## What is expected:
Write the records out again without change. Leave the pictures behind.
Exercise input section start
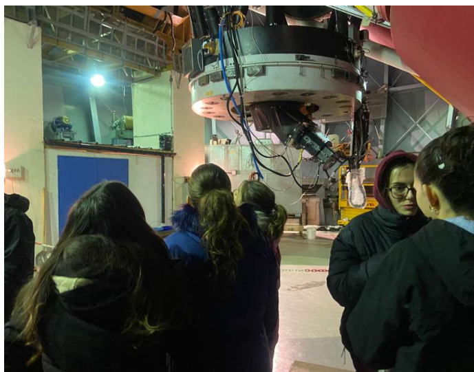
Visite des installations scientifiques de l'observatoire du pic du Midi de Bigorre
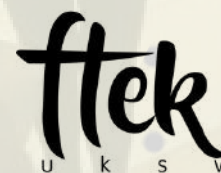
Fakultas Teknik Elektronika & Komputer
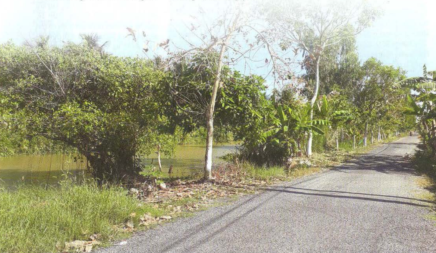
Con đường Kênh Ngang ở Lung Tràm, nơi Bác Ba Phi có nhiều năm gắn bó từ thời trai trẻ cho đến lúc cuối đời

Năm 2018, UBND huyện Trần Văn Thời kết hợp với Nhà xuất bản Văn hóa văn nghệ đã cho sưu tầm các truyện tiếu lâm của bác Ba Phi, những bài viết, nghiên cứu về cuộc đời - tác phẩm của bác Ba và in thành sách, phát hành rộng rãi ở địa phương và cả nước. Bên cạnh đó, UBND huyện còn lên kế hoạch xây dựng Điểm du lịch Di tích bác Ba Phi tại Lung Tràm với diện tích gần 70.000 m 2 , trong đó có một phần là do gia đình bác Ba Phi hiến tặng đất để xây dựng. Tương lai nơi đây sẽ trở thành một địa điểm du lịch hấp dẫn với những yếu tố gắn liền với cuộc đời và di sản của bác Ba Phi. ■
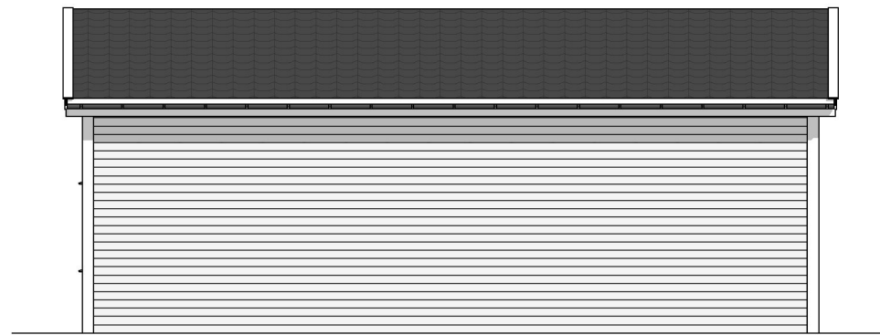
FASADE MOT ØST
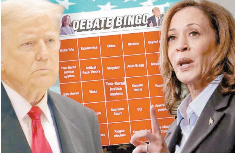
مراكز الاستطلاع: المرشحة الديمقراطية تستحوذ على 63% من آراء المواطنين

ترايب: إسرائيل ستزول «خلال عامين» إذا وصلت كامالا للحكم
Exercise input section end
## Final answer:
Visite des installations scientifiques de l'observatoire du pic du Midi de Bigorre
Fakultas Teknik Elektronika & Komputer
Con đường Kênh Ngang ở Lung Tràm, nơi Bác Ba Phi có nhiều năm gắn bó từ thời trai trẻ cho đến lúc cuối đời

Năm 2018, UBND huyện Trần Văn Thời kết hợp với Nhà xuất bản Văn hóa văn nghệ đã cho sưu tầm các truyện tiếu lâm của bác Ba Phi, những bài viết, nghiên cứu về cuộc đời - tác phẩm của bác Ba và in thành sách, phát hành rộng rãi ở địa phương và cả nước. Bên cạnh đó, UBND huyện còn lên kế hoạch xây dựng Điểm du lịch Di tích bác Ba Phi tại Lung Tràm với diện tích gần 70.000 m 2 , trong đó có một phần là do gia đình bác Ba Phi hiến tặng đất để xây dựng. Tương lai nơi đây sẽ trở thành một địa điểm du lịch hấp dẫn với những yếu tố gắn liền với cuộc đời và di sản của bác Ba Phi. ■
FASADE MOT ØST
مراكز الاستطلاع: المرشحة الديمقراطية تستحوذ على 63% من آراء المواطنين

ترايب: إسرائيل ستزول «خلال عامين» إذا وصلت كامالا للحكم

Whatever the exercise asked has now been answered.